Die Finanzmärkte seien im April durch die Aussicht auf weiterhin günstige Zentralbankliquidität unterstützt geblieben. Auch Konjunkturindikatoren seien tendenziell positiv ausgefallen. Nach der Schnellschätzung von Eurostat habe das Bruttoinlandsprodukt (BIP) in Euroland im ersten Quartal 2019 im Vergleich zum Vorquartal um 0,4% zulegen können. Damit habe die BIP-Entwicklung in der Eurozone die Erwartungen der Mehrheit der Konjunkturbeobachter übertroffen. Dagegen habe sich das ifo Geschäftsklima in Deutschland auch im April noch im Abwärtstrend befunden. Nach dem erfreulichen Anstieg um einen Indexpunkt im März habe es zuletzt wieder etwas nachgegeben.

In den USA sei die Wirtschaft deutlich stärker in das Jahr 2019 gestartet als von vielen Marktteilnehmern erwartet. Das Bruttoinlandsprodukt habe im ersten Quartal nach vorläufigen Angaben um 3,2% zugelegt, allerdings seien die relativ hohen Lagerinvestitionen nochmals angestiegen. Der US-Arbeitsmarktbericht habe den robusten Wachstumsausblick bestätigt. Im März habe der Beschäftigungsaufbau mit 196.000 Stellen die Schätzungen der Analysten übertroffen. Die Arbeitslosenquote habe mit 3,8% allerdings auf ihrem Vormonatswert verharrt. Die durchschnittlichen Stundenlöhne hätten gegenüber dem Vormonat vergleichsweise schwach zugelegt.

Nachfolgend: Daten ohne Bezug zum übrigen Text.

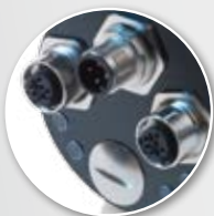
3 x M12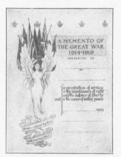
Here It Is

It is a four-page folder, with rich and appropriate full page design, embodying a figure of Victory and the Allied flags as shown above, splendidly reproduced in full colors. Something new and truly Canadian.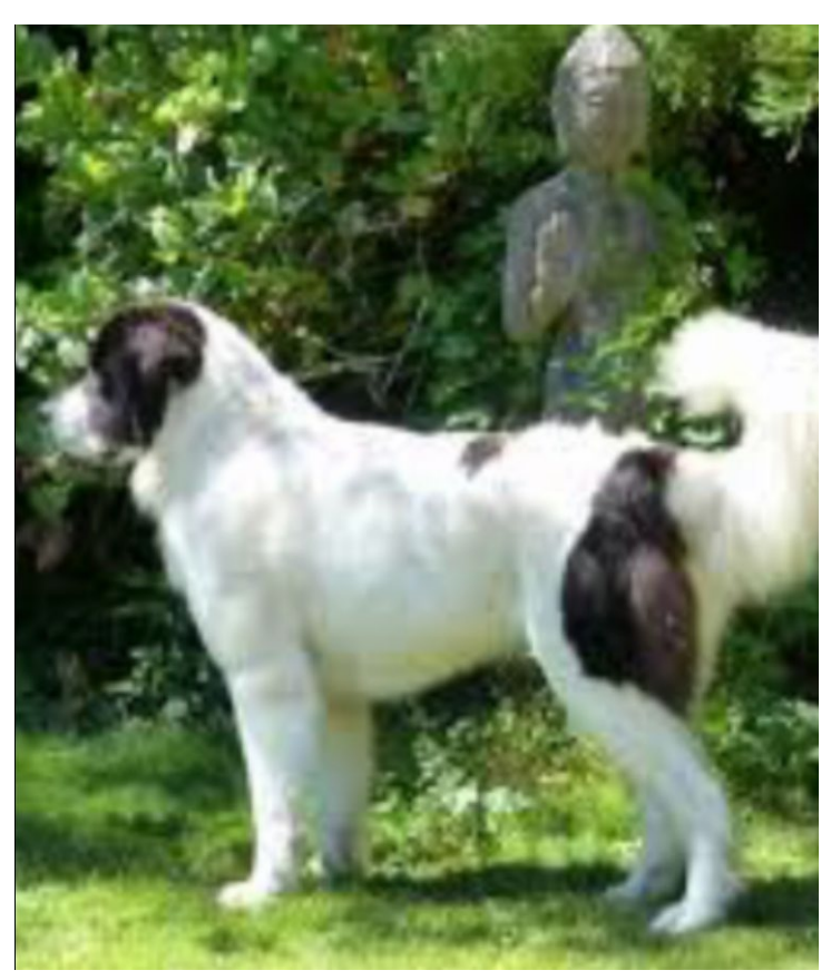
(Female) Ivory from the Pacific Coast, lives in Washington Litter M - 1 puppy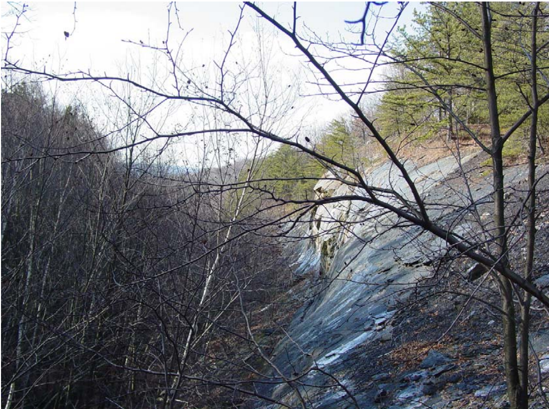
Figure 6: Near-vertical highwall of a stripping pit at the Newport North site.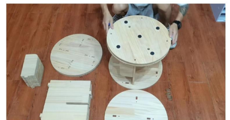
6.BOTTOM UP, FIND THE CORRESPONDING SCREW HOLE BETWEEN THE E-PLATE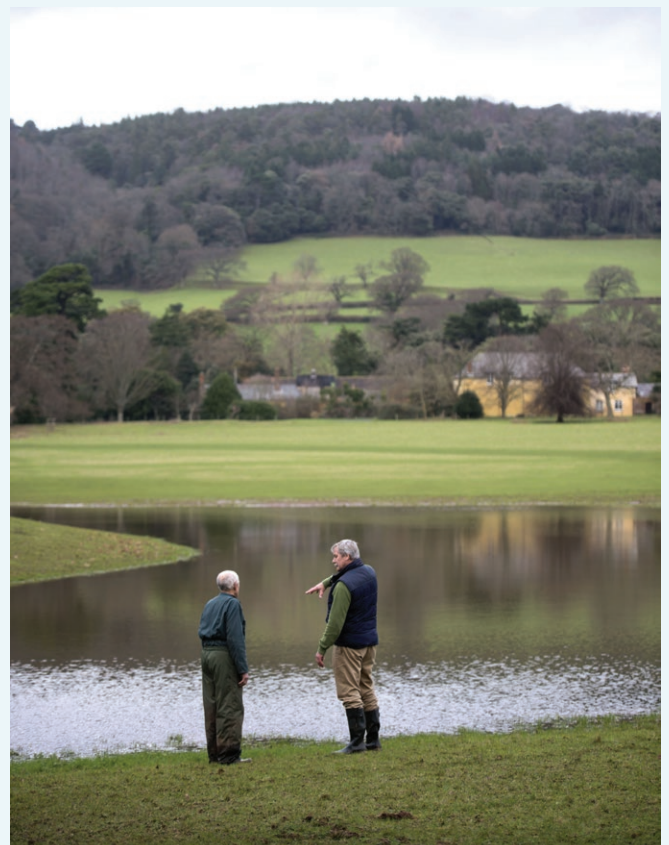
A flood storage area (Somerset project)

NFM impacts cannot therefore at present be evaluated in the purely quantitative way we might assess an engineering intervention.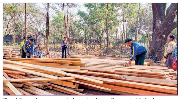
Illegal Taungthayet sawn timber seized near Shwegyin-Madauk-Nyaunglebin road on 11 February.

AN illegal special eradication task force inspected at airport cargo of Yangon International Airport on 9 February and seized 17,000 test kits of Covid-19 Ag Tests Kit estimated at K25.5 million without official documents. The action was taken under the Customs procedures.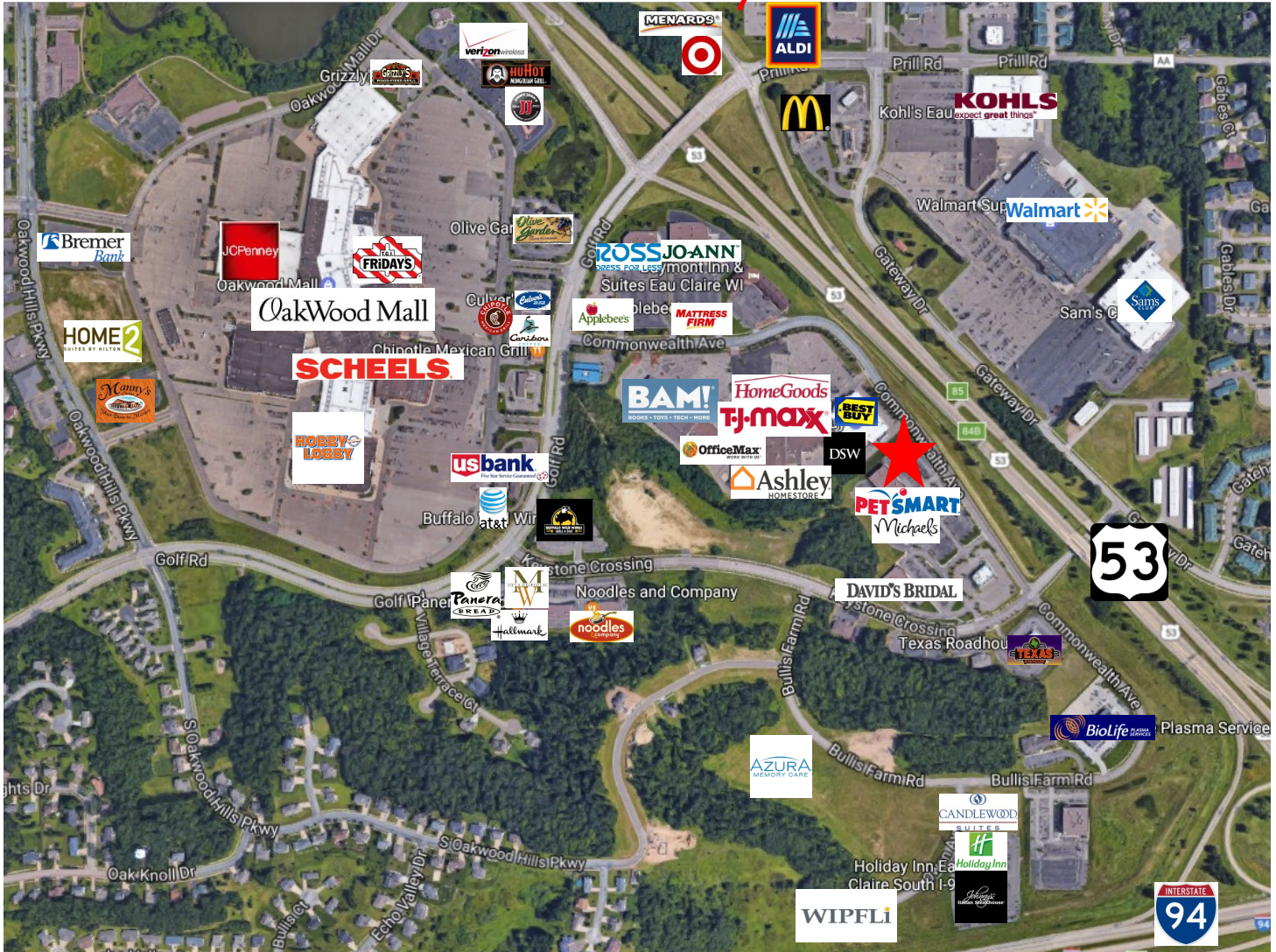
Google Maps, 2017

In diesem Umfeld seien die Renditen von US-Treasuries und Bundesanleihen mittlerer und längerer Laufzeit leicht angestiegen. Die Risikoaufschläge bei Unternehmens- und Schwellenländeranleihen seien im Durchschnitt etwas zurückgegangen. Entgegen dem allgemeinen Trend hätten argentinische und venezolanische Emissionen jedoch einen kräftigen Anstieg von Risikoprämien verzeichnet. Die Entwicklung von Lokalwährungsanleihen aus den Schwellenländern sei insgesamt uneinheitlich ausgefallen. In Euro umgerechnet hätten Staatspapiere in Türkischer Lira kräftige Kursverluste verzeichnet. Mit Staatsanleihen, die auf den Russischen Rubel oder Mexikanischen Peso lauten würden, hätten Euro-Anleger wiederum einen deutlich positiven Ertrag erzielen können. Der Euro habe versus US-Dollar per Saldo seitwärts tendiert. (05.06.2019/fc/a/f)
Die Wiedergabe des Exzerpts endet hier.